** COLLECTED DATA follows **
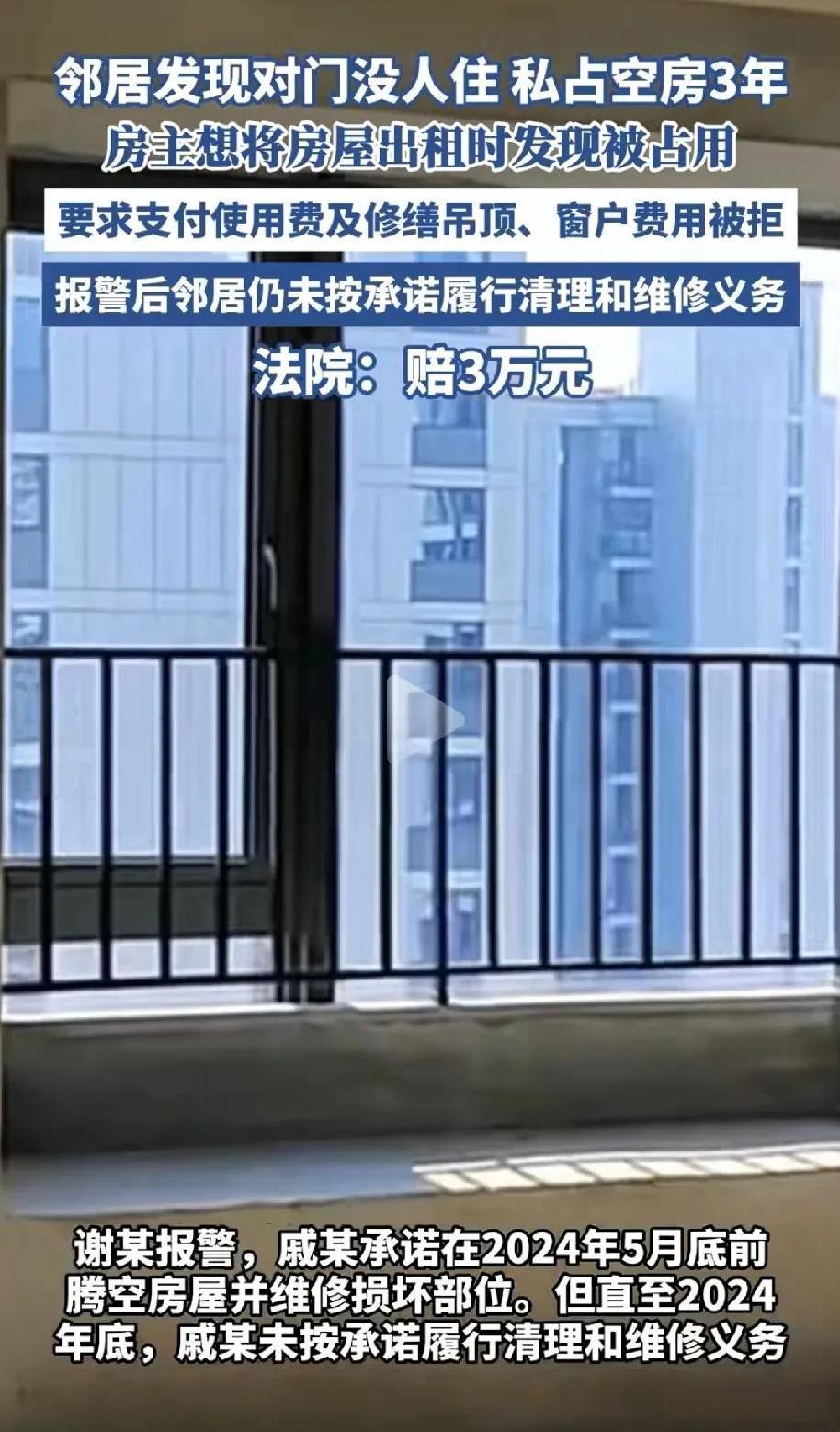 这就是贪小便宜的下场!男子3年前发现,对门邻居家房子长期空置无人居住,他为了贪点小便宜,私自占用邻居家的房子。邻居后来发现房子被男子占用,要求男子支付房屋占有使用费、维修费等3万多元。男子辩解,他这是为了避免邻居利益受损而代管房屋,属于无因管理,不应该赔偿。法院这样判! 8月10日,红星新闻报道了一则贪小便宜吃大亏的案例,引发网友热议。 得知交房的消息后,男子戚某早就迫不及待,赶紧装修,搬进了新房。 戚某从物业得知,对门邻居谢某也早就了领了钥匙,但却常年大门紧闭、无人出入。 这让戚某心里打起了小算盘,这房子长期空着,邻居应该不会来了。与其空着,还不如放点东西进去,免费利用起来。 到了2021年,戚某再也按捺不住,擅自打开了谢某家的房门,刚开始试探性的放一点闲置的物品进去,发现没问题后,他越来越大胆。 后来,戚某竟然堂而皇之地把自家一些闲置的物品搬了进去,把这里当做一个免费库房使用起来,而且一占就是整整三年。 这三年里,戚某丝毫没觉得自己的行为有什么不妥,还觉得捡了个大便宜。 原来,邻居谢某2019年收房后,他并没有马上入住,房子就这么空着,让对门的戚某钻了空子。 2024年5月,谢某打算把房子委托给中介出租出去。当他带着中介来看房时,瞬间惊呆了。 谢某惊讶的发现,自己家里堆满了对门戚某的东西,窗户还坏了,吊顶也破破烂烂的。 谢某又气又急,立刻找到戚某,要求他支付使用房屋的费用,还有修缮窗户和吊顶的维修费用,共计3万多元。 可戚某却蛮横地拒绝了,他甚至表示,他这是好心帮助谢某,担心谢某的权益受损,这才代管房子,怎么还要钱呢? 谢某多次和戚某协商,希望能和平解决这件事,但每次都无功而返。 无奈之下,谢某只好报了警。在派出所里,戚某终于承认了自己擅自占用房屋的事实,还写下了保证书,承诺在2024年5月底前把房子腾空,并且维修好损坏的部位。 万万没想到,戚某根本就没把这份保证书当回事。 到了2024年底,房子还是老样子,戚某既没有清理自己的东西,也没有维修损坏的地方。 谢某彻底失望了,2025年2月,他一纸诉状将戚某告上了法院,要求戚某支付房屋占有使用费、维修费用等共计3万元。 对此,法院会如何审理呢? 1、戚某属于无权占有房屋,应当清空房屋。 《民法典》第235条规定:无权占有不动产或者动产的,权利人可以请求返还原物。 戚某擅自进入谢某未实际入住的房屋并长期占用,属于典型的“无权占有”。 谢某作为房屋所有权人,虽未实际使用房屋,但其不动产权证已登记权属,依法享有完全物权。 值得关注的是,戚某的占有行为具有持续性,且其抗辩理由仅为“房屋空置无主”,但法律上物权归属并不以实际占有为前提。 因此,谢某有权提起返还原物请求权,并主张物权受损的经济补偿。 2、戚某存在过错,应当给与赔偿。 戚某明知房屋非己所有,仍然长期放置物品且疏于管理,对房屋损坏存在主观过失。 法院查明,谢某提交的房屋损坏证据直接指向戚某的占有行为,二者之间存在因果关系。 最终,法院判决戚某支付占有使用费及维修费用3万多元。 戚某不服气,提起了上诉,可二审法院并没有支持他,驳回了上诉,维持了原判。这下,戚某只能为自己的错误行为付出代价,贪小便宜最终吃了大亏。 关注@蜜蜂说法 ,多学法律少吃亏!
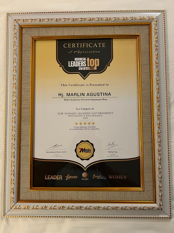 Sertifikat Top Women Leader Government Innovation & Performance tahun 2022 yang diterima Wagub Kepri, Marlin Agustina.
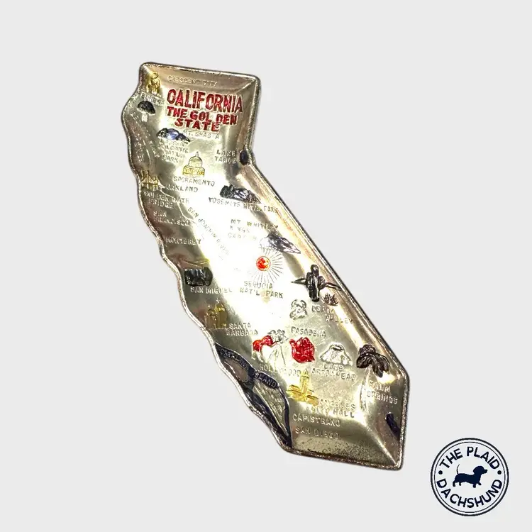 Cool souvenir from the 60’s depicting tourist sites of California in color. Made of tin in Japan. Very popular when families drove around the country for vacations
** End of COLLECTED DATA **
● **YOUR GOAL**: Output the material word for word, omitting its pictures.

● **TASK RESULT**:
 这就是贪小便宜的下场!男子3年前发现,对门邻居家房子长期空置无人居住,他为了贪点小便宜,私自占用邻居家的房子。邻居后来发现房子被男子占用,要求男子支付房屋占有使用费、维修费等3万多元。男子辩解,他这是为了避免邻居利益受损而代管房屋,属于无因管理,不应该赔偿。法院这样判! 8月10日,红星新闻报道了一则贪小便宜吃大亏的案例,引发网友热议。 得知交房的消息后,男子戚某早就迫不及待,赶紧装修,搬进了新房。 戚某从物业得知,对门邻居谢某也早就了领了钥匙,但却常年大门紧闭、无人出入。 这让戚某心里打起了小算盘,这房子长期空着,邻居应该不会来了。与其空着,还不如放点东西进去,免费利用起来。 到了2021年,戚某再也按捺不住,擅自打开了谢某家的房门,刚开始试探性的放一点闲置的物品进去,发现没问题后,他越来越大胆。 后来,戚某竟然堂而皇之地把自家一些闲置的物品搬了进去,把这里当做一个免费库房使用起来,而且一占就是整整三年。 这三年里,戚某丝毫没觉得自己的行为有什么不妥,还觉得捡了个大便宜。 原来,邻居谢某2019年收房后,他并没有马上入住,房子就这么空着,让对门的戚某钻了空子。 2024年5月,谢某打算把房子委托给中介出租出去。当他带着中介来看房时,瞬间惊呆了。 谢某惊讶的发现,自己家里堆满了对门戚某的东西,窗户还坏了,吊顶也破破烂烂的。 谢某又气又急,立刻找到戚某,要求他支付使用房屋的费用,还有修缮窗户和吊顶的维修费用,共计3万多元。 可戚某却蛮横地拒绝了,他甚至表示,他这是好心帮助谢某,担心谢某的权益受损,这才代管房子,怎么还要钱呢? 谢某多次和戚某协商,希望能和平解决这件事,但每次都无功而返。 无奈之下,谢某只好报了警。在派出所里,戚某终于承认了自己擅自占用房屋的事实,还写下了保证书,承诺在2024年5月底前把房子腾空,并且维修好损坏的部位。 万万没想到,戚某根本就没把这份保证书当回事。 到了2024年底,房子还是老样子,戚某既没有清理自己的东西,也没有维修损坏的地方。 谢某彻底失望了,2025年2月,他一纸诉状将戚某告上了法院,要求戚某支付房屋占有使用费、维修费用等共计3万元。 对此,法院会如何审理呢? 1、戚某属于无权占有房屋,应当清空房屋。 《民法典》第235条规定:无权占有不动产或者动产的,权利人可以请求返还原物。 戚某擅自进入谢某未实际入住的房屋并长期占用,属于典型的“无权占有”。 谢某作为房屋所有权人,虽未实际使用房屋,但其不动产权证已登记权属,依法享有完全物权。 值得关注的是,戚某的占有行为具有持续性,且其抗辩理由仅为“房屋空置无主”,但法律上物权归属并不以实际占有为前提。 因此,谢某有权提起返还原物请求权,并主张物权受损的经济补偿。 2、戚某存在过错,应当给与赔偿。 戚某明知房屋非己所有,仍然长期放置物品且疏于管理,对房屋损坏存在主观过失。 法院查明,谢某提交的房屋损坏证据直接指向戚某的占有行为,二者之间存在因果关系。 最终,法院判决戚某支付占有使用费及维修费用3万多元。 戚某不服气,提起了上诉,可二审法院并没有支持他,驳回了上诉,维持了原判。这下,戚某只能为自己的错误行为付出代价,贪小便宜最终吃了大亏。 关注@蜜蜂说法 ,多学法律少吃亏!
 Sertifikat Top Women Leader Government Innovation & Performance tahun 2022 yang diterima Wagub Kepri, Marlin Agustina.
 Cool souvenir from the 60’s depicting tourist sites of California in color. Made of tin in Japan. Very popular when families drove around the country for vacations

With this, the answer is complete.